I believe sales success depends on PRICE and keeping it within range of a conventional Corvette. My thought is that price needs to be held under $139K. Anything much over that seems to be trying to pirate sales from the NSX, which is perceived to be over-priced.
I doubt they'll market the mid engine car to the same demographic as the front engine car. I hope they plan to sell so many that they're able to maintain a base model that sells for under 100k.
I predict that in the 18 months remaining before production "starts" GM will once again drop the project as they have so many times before. It's a looooooooooooooong time and the bean counters still rule what goes on there.

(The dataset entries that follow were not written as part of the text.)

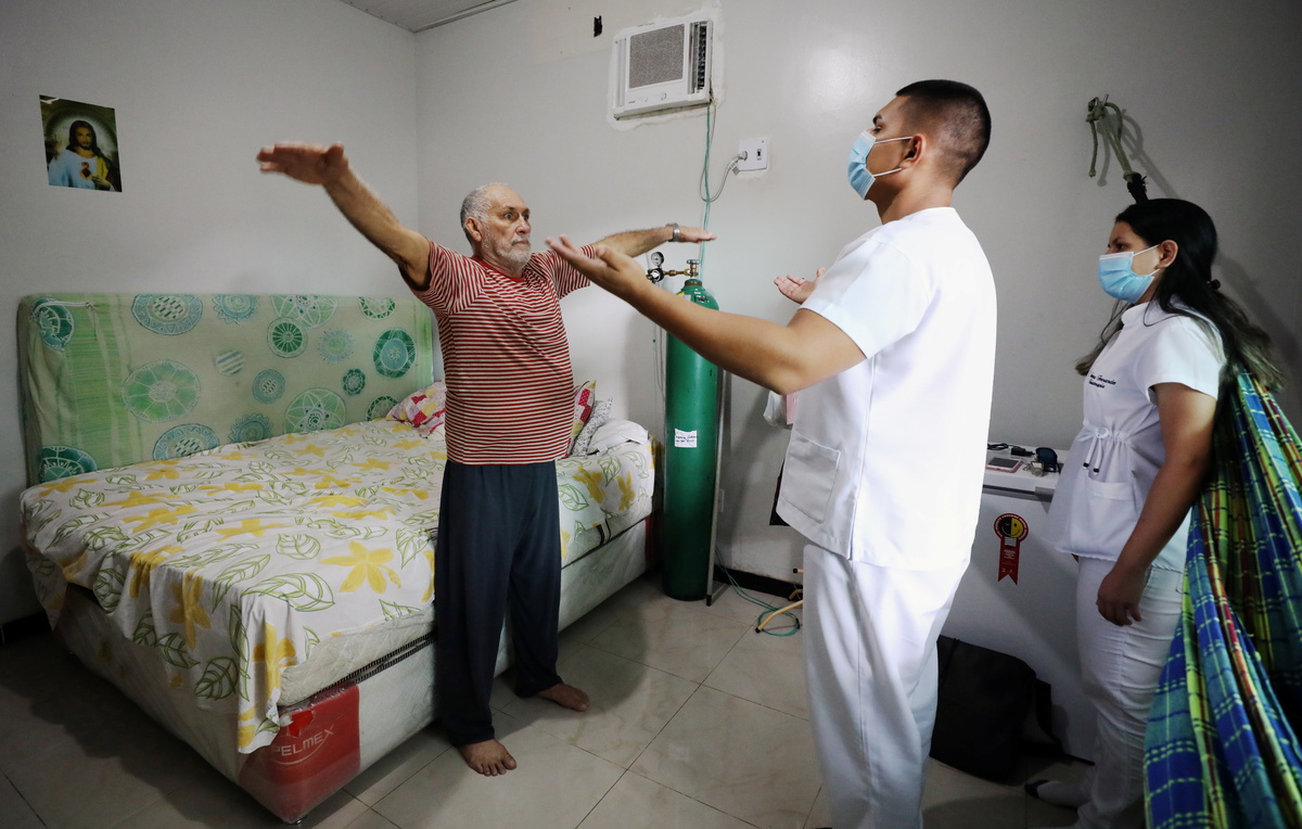 Two therapists check his pulse and oxygen saturation, massage his back and help him do daily exercises. The treatment has put him out of danger and reduced his dependence on the oxygen tank.
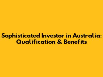 Sophisticated Investor In Australia: Qualification & Benefits
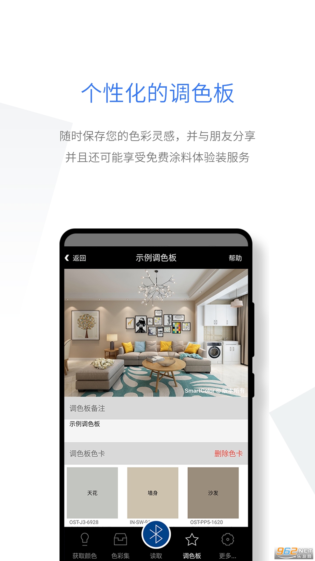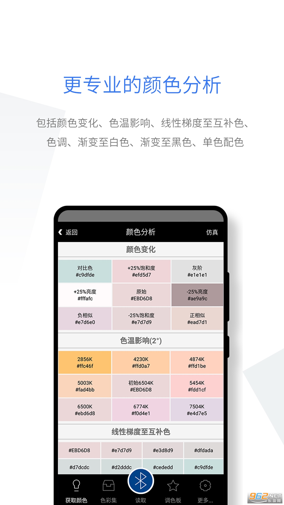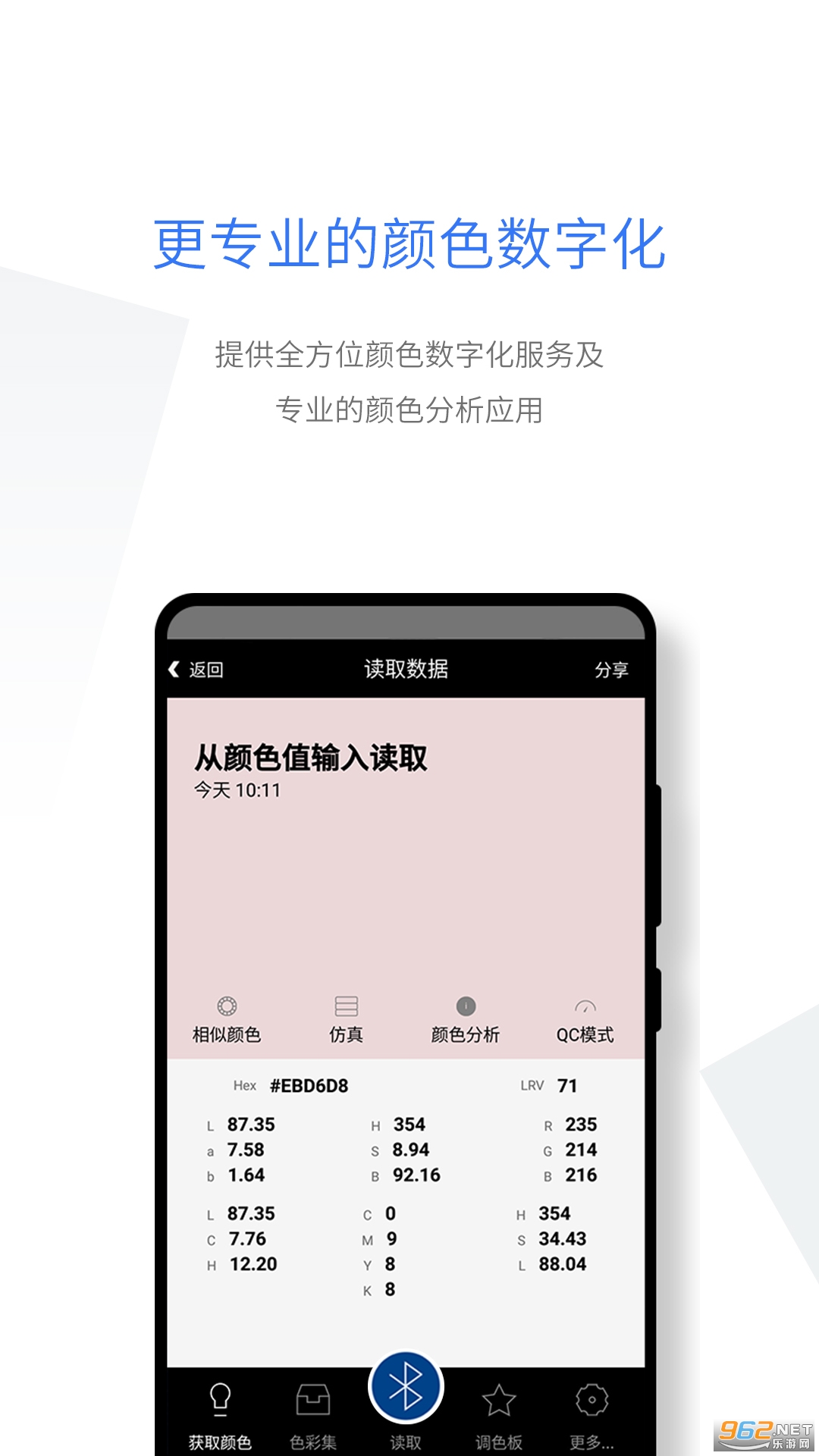 支持取色仪取色,一点即可获取实物颜色。APP支持著名色彩提供商DataColor生产的取色仪联机一键获取实物颜色

I actuallly don't care what a factory worker can afford. Can he feed house and feed himself after a good days work? That I do hope and care for. I like having cars that most can't afford. It gives me another goal to strive for. Corvette is trying to shutup the naysayers. However, no matter how much the Corvette beats Ferrari or Porsche by, there are people who will say "Yeah, It is impressive, but it is no Ferrari, Porsche" ...or any high end car. That's because Corvette has a brand image that simply is not as lofty as those others. I feel that it is an insurmountable hurdle. Is a Rolex more accurate than a Seiko? No, but it can cost 100x more and people still buy them. Is a Corvette an impressive performer? Absolutely! Will it beat my F430 around a track or at a stoplight? Probably. Do I want a Corvette? Nope. I've owned lots of them and they no longer stir any emotions in me.